EDP Sciences
Free access
Issue
A&A
Volume 423, Number 2, August IV 2004
Page(s) L5 - L8
Section Letters
DOI http://dx.doi.org/10.1051/0004-6361:200400013


A&A 423, L5-L8 (2004)
DOI: 10.1051/0004-6361:200400013

Letter

Nonuniform viscosity in the solar nebula and large masses of Jupiter and Saturn

L. Jin

College of Physics, Jilin University, 119 Jie Fang Rd, Changchun, Jilin 130023, PR China
    e-mail: jinl@email.unc.edu

Dept. of Physics and Astronomy, Clemson Univ., Clemson SC 29634, USA

(Received 1 June 2004 / Accepted 24 June 2004 )

Abstract
I report a novel theory that nonuniform viscous frictional force in the solar nebula accounts for the largest mass of Jupiter and Saturn and their largest amount of H and He among the planets, two outstanding facts that are unsolved puzzles in our understanding of origin of the Solar System.
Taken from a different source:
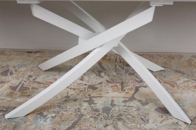 Столешница выполнена из каленого стекла белого цвета толщиной 10 мм. Изюминка модели заключается в том, что сквозь стекло просвечивается раскладной механизм и элементы крепления столешницы. Стол производит впечатление предмета мебели из будущего, или, как минимум, с космической орбитальной станции.

It is shown that the nebula model of uniform viscosity does not match the present planet masses. By studying current known viscosity mechanisms, I show that viscosity is more efficient in the inner region inside Mercury and the outer region outside Jupiter-Saturn than the intermediate region. The more efficient viscosity drives faster radial inflow of material during the nebula evolution. Because the inflow in the outer region is faster than the intermediate region, the material tends to accumulate in Jupiter-Saturn region which is between the outer and intermediate region. It is demonstrated that the gas trapping time of Jovian planets is longer than the inflow time in the outer region. Therefore the gas already flows to Jupiter-Saturn region before Uranus and Neptune can capture significant gas. But the inflow in the Jupiter-Saturn region is so slow that they can capture large amount of gas before the gas can flow further inward. Hence they have larger masses with larger H and He content than Uranus and Neptune. I also extend the discussion to the masses of the terrestrial planets, especially low mass of Mercury. The advantages of this theory are discussed.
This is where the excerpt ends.